Since it is always better to end on a positive note, here are some good things:
~I no longer worry about what I eat being too fattening or not healthy enough. Of course, I still mostly eat healthy foods because it's what I like, but if I want to eat rainbow sherbet or a cheeseburger with criss cut fries and a Coke, I have them and don't think twice about it. I don't exercise other than walking to the beach and other normal daily activities but I haven't gained or lost weight in months and I am so ok with that.
~I don't worry about the little things. I am not embarrassed to dance in public or wear a bikini at the beach or any of the other silly little things that I would have been too embarrassed to do in the past. There is nothing in this life worth being afraid of because of what other people will think of me anymore.
~I cherish every day in a new way, find something special about each one to remind me that each day is worth living even when I'm feeling sad and scared.
~Every day I am grateful for my husband and the wonderful man he is.
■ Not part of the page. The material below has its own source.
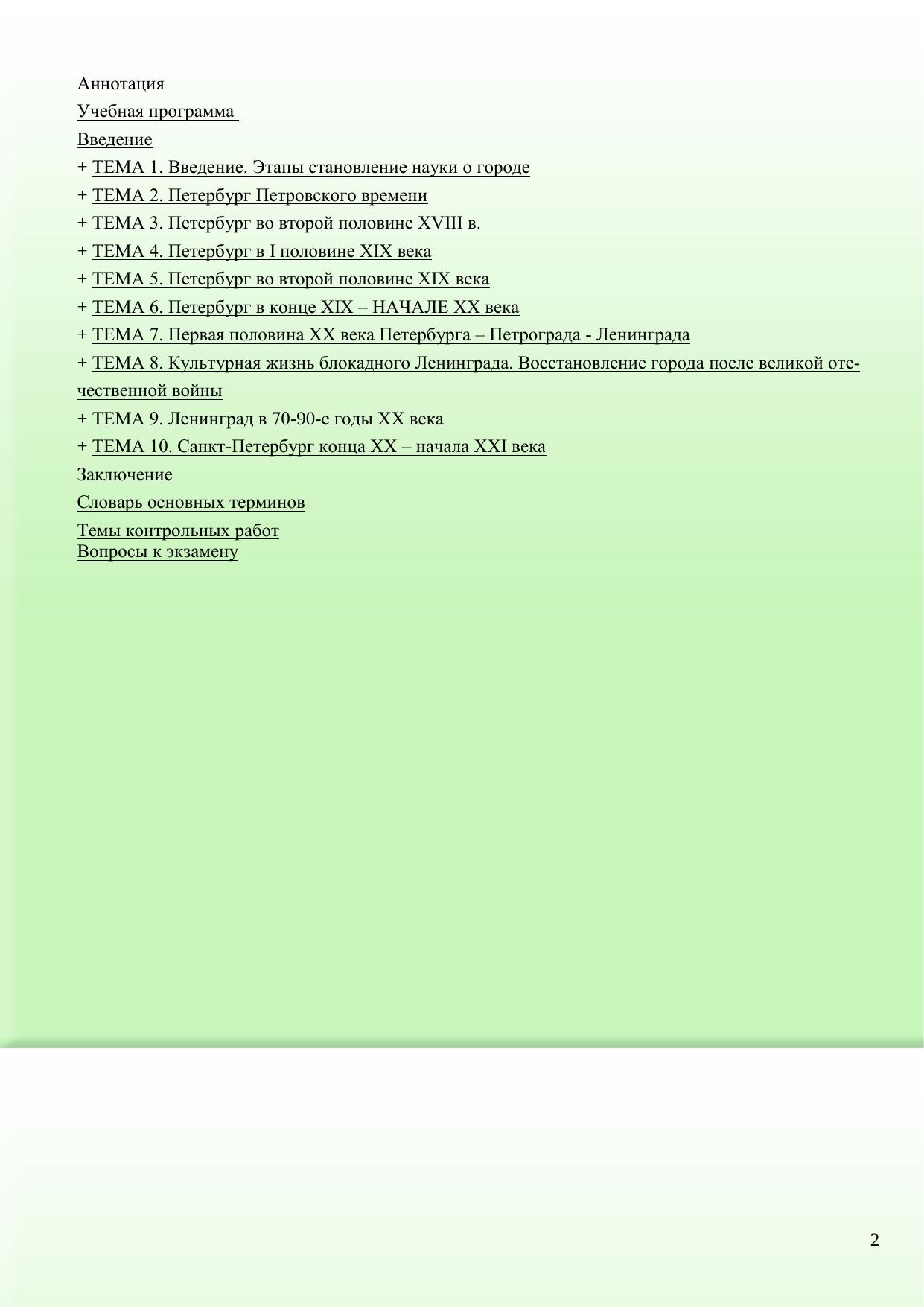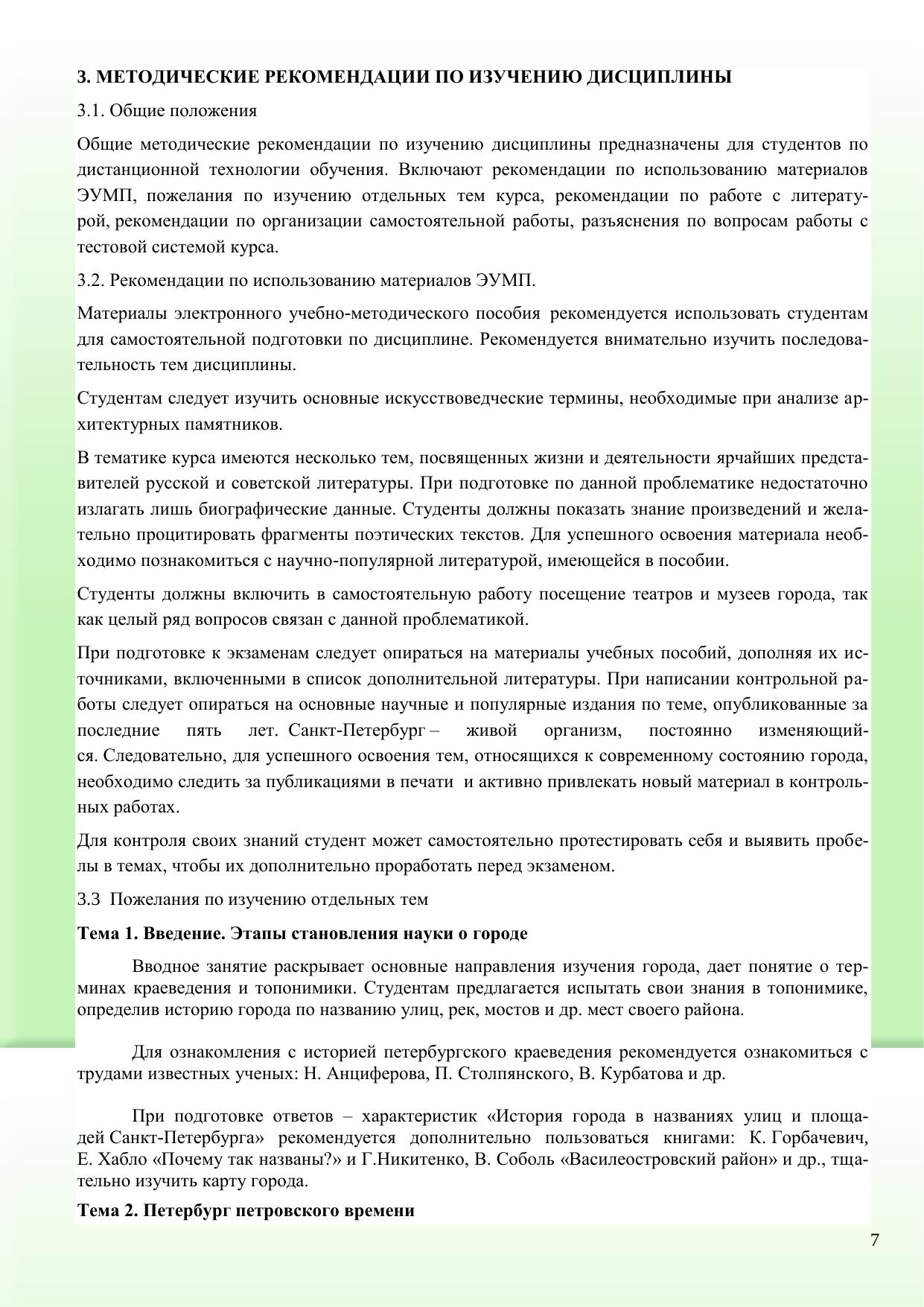 Электронное учебное пособие включает рабочую учебную программу дисциплины, общие методические рекомендации по изучению дисциплины, методические рекомендации контрольным работам, порядок проведения контроля качества подготовки студентов по дисциплине, содержание контролирующих материалов, курс лекций, словарь терминов. Всесторонне и многогранно рассмотрены вопросы культуры, истории города, дано обобщение общегосударственных исторических процессов, вопросов краеведения, и их отражение на жизнь Санкт-Петербурга и его жителей. Пособие предназначено для студентов ВУЗов. Электронное учебное пособие для дистанционного обучения
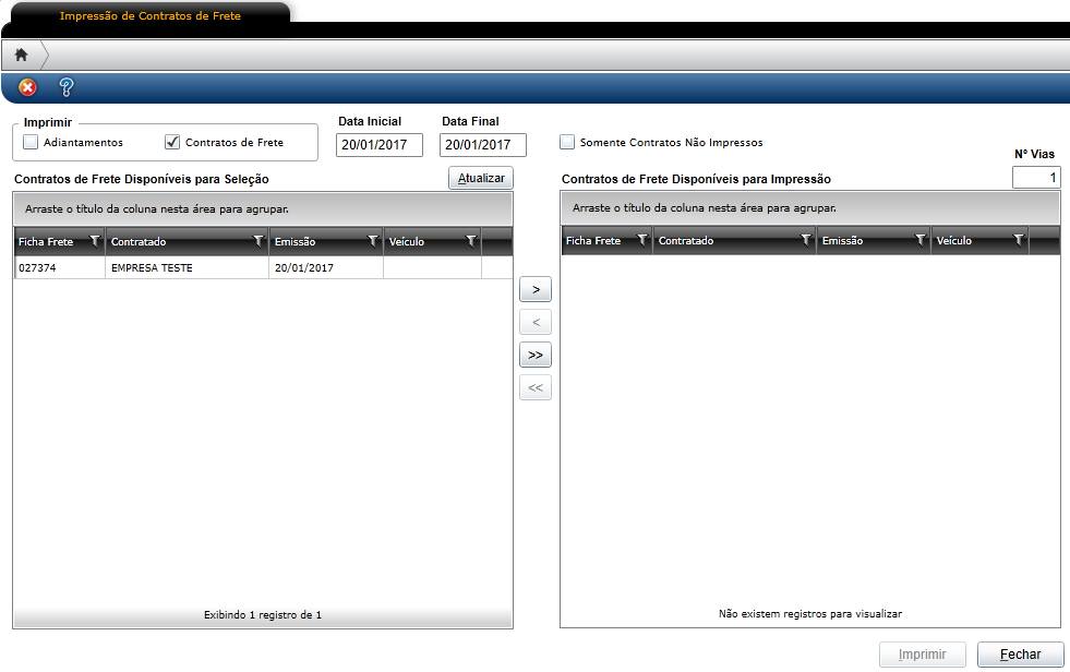 Em Impressão corre a seleção dos contratos de frete ou adiantamentos que devem ser impressos e enviados por e-mail para o contratado. É preciso preencher os filtros presentes na tela e clicar no botão Atualizar para que os registros sejam apresentados na grid Contratos de Frete Disponíveis para Seleção. Em seguida, os registros devem ser repassados para a grid Contratos de Frete Disponíveis para impressão para que estejam disponíveis para impressão.

As much as I hate that he is having to suffer through this experience, that he is losing a part of his world in a painful way and I wish I could spare him that, I cannot imagine going through this without him by my side. He is such an amazing man, so thoughtful, kind, loving, funny, strong, generous…there are really not enough good words to describe him. I can honestly say that he is everything I have ever wanted in a husband; my best friend, a loving father, honest, smart, and so much more. Every day he makes me feel loved, cherished, valued, important, and he can make me laugh even when we both just want to cry - a truly wonderful quality. He listens to me and understands me, even if he doesn't always agree with me. His love, friendship and support get me through the day, every day. He is truly my rock, my strength, the love of my life. Without him, I wouldn't be me and my life just wouldn't be all that it is and has been. I am the luckiest woman!